Background

Some details on the architectural background. We have the Fediverse with the following properties

Messages are exchanged with signed POST requests based on ActivityPub
One has a linked data flavor, so messages and objects contain links, where more information can be looked up
While the Fediverse has many good actors, there is plenty of content that I don't want to see, so I need a way to filter for it
While following people is a good way to obtain content, other options of content discovery would be interesting

This background document is on how to take Fediverse as input, i.e. receive POST requests, and turn them into AMQP messages, that can then be further processed.

Step 1

The basic layout is:

graph LR
    A((Fediverse)) ==>|POST| B[server]

A lot of stuff is hidden here, as the requests being signed, requiring some actor lookups to validate.

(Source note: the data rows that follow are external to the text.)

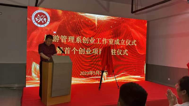 为深入贯彻党的二十大精神,进一步加强创业服务,激发大学生创业热情,5月26日下午,旅游管理系在4101教室举行创业工作室成立仪式暨首个创业项目进驻仪式。旅游管理系党总支副书记李海东、学工办主任尹娇娇、学工办副主任朱铎,创业项目负责人刘振,旅游管理系部分教师出席此次活动。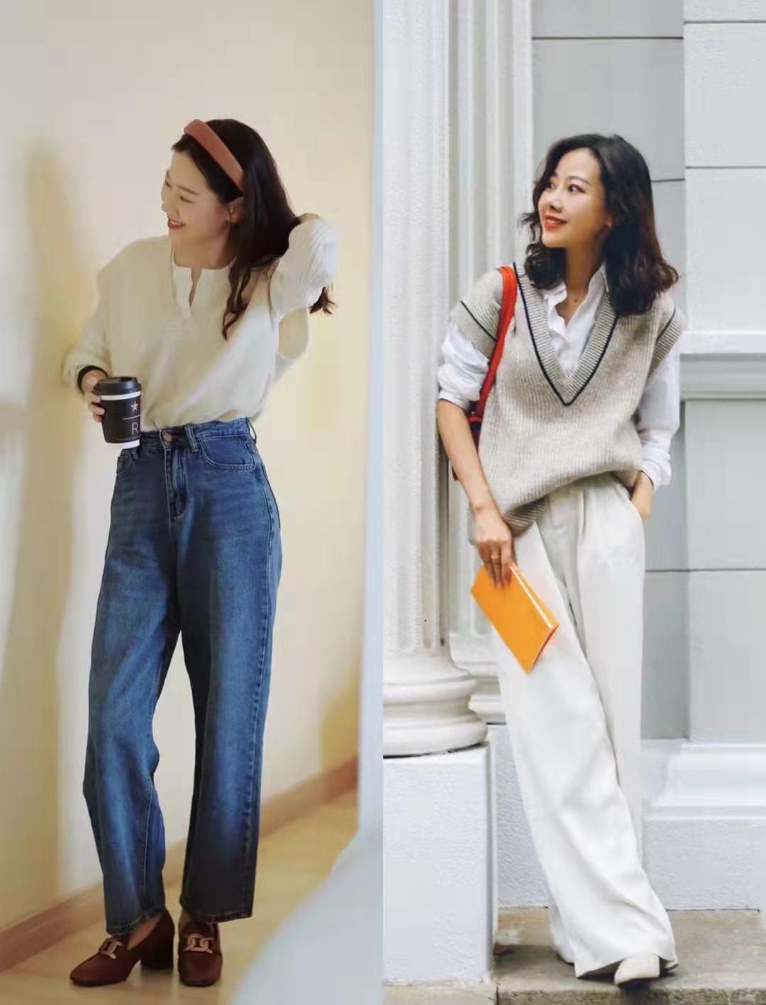 Knitted sweaters must be layered. The most representative one is a knitted vest paired with a shirt. A light gray knitted vest is paired with a white shirt. The combination of light colors throughout the body creates a sense of fashion and is very age-reducing.
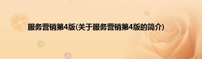 大家好,服务营销第4版,关于服务营销第4版的简介很多人还不知道,现在让我们一起来看看吧!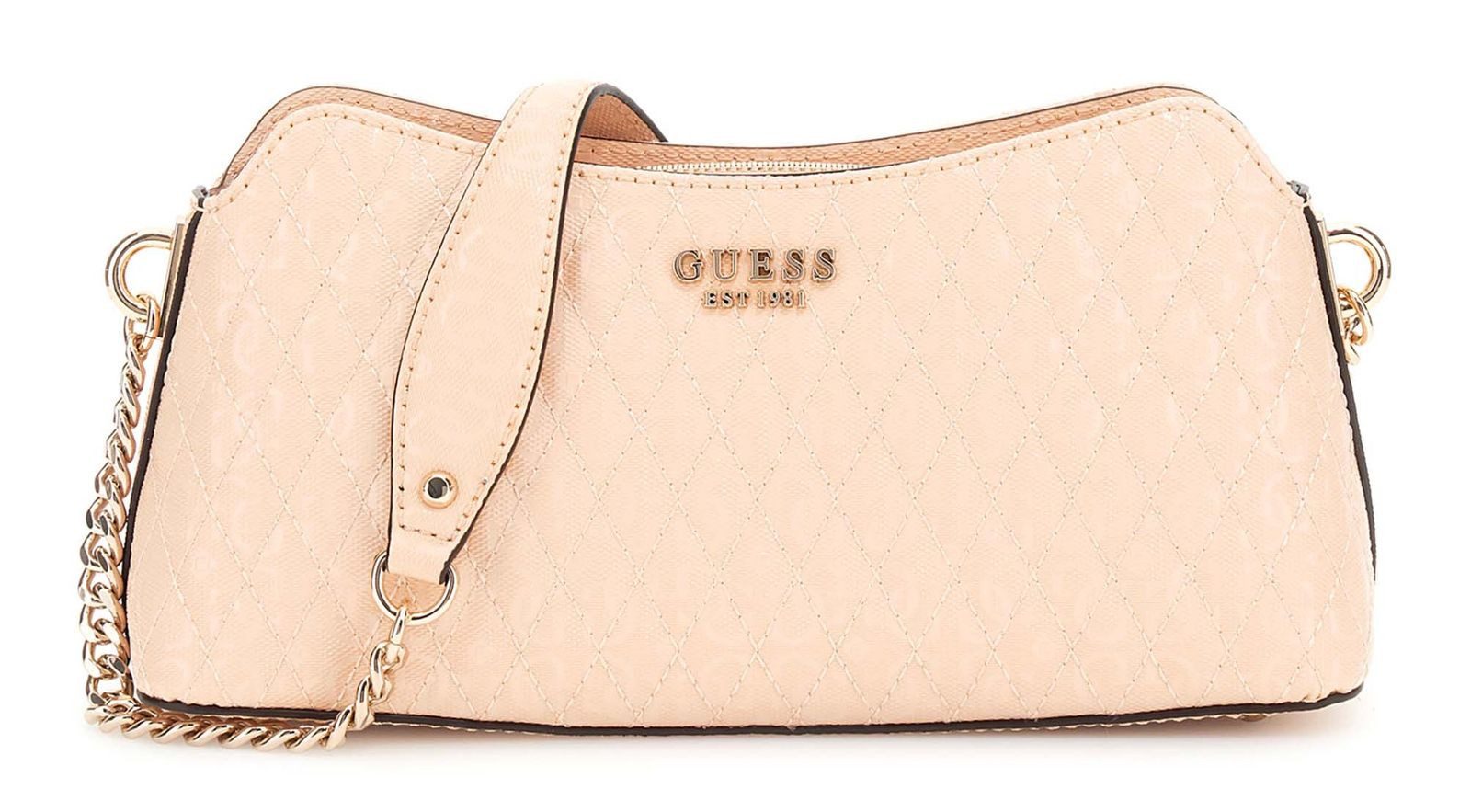 Mit dieser GUESS Schultertasche haben Sie Ihre Habseligkeiten immer stilvoll an Ihrer Seite. Wertsachen können hier spielend leicht in dem gut strukturierten Innenleben verstaut werden. Die elegante GUESS Schultertasche setzt mit ihren goldfarben Details, dem Logomuster und der Lack-Optik im gesteppten Format eine edle Nuance. Die smarte und einprägsamen Form und schenkt einen einzigartigen Look. Dass die Tasche ein leichtes Gewicht hat, macht das Tragen besonders angenehm. Hier ist GUESS wirklich alles gelungen!

Step 2: Normalization, Validation

Normalization: ActivityPub messages are based on json-ld, and thus can be pretty arbitrary, it is thus convenient to normalize the messages with an application defined @context.

Validation: The message was signed if the author does not match actor, refetch. Check ids are from same domain, etc...

graph LR
    A((Fediverse)) ==>|POST| B[server]
    B -->|amqp| C[validation]
    C -->|valid| D[next step]
    C -->|invalid| E[refetch]
    E --> D

Note, one can implement refetching in a separate queue.

Branch off here

One probably wants to include something like

graph LR
    A((Fediverse)) ==>|POST| B[server]
    B -->|amqp| C[validation]
    C -->|valid| D[next step]
    C -->|invalid| D
    C --> |amqp| F[Key updates]

where if the Activity is an Update to a profile, one checks if the public keys changed. This type of branch off can also be used to collect statistics, like done with https://jsonld.bovine.social/.

Step 3: Processing / Annotation (possible)

This is another step, where additional information is added, e.g.

Replace images with proxied copy
Generate preview cards if non existent
Filter for SPAM, hate, CSAM, etc ...
Filter for bad content, e.g. a reply one cannot look up the post being replied to
Add the author to the dataset
Add Content Warnings / Remove Content Warnings
Filter by language / Translate

Step 4: Fanout

Once processing is done, we are ready to fan out

graph LR
    A((Fediverse)) ==>|POST| B[server]
    B -->|amqp| C[validation]
    C -->|valid| D[Processing]
    D --> E[Enqueue for devices]
    D --> F[Store in local archives]
    D --> G[Add to replies]

One should note that these steps can be conditional on the processing results. An article will not be visible on your watch, but visible on your phone.

Implementation

This is all partially implemented in bovine. Adding a message to a queue via amqp is done at

bovine_web.bovine_web

The broker is defined in

bovine_propan.broker

The broker corresponds to how stuff is processed.

Migrating bovine to do the fan out in Step 4 is a work in progress.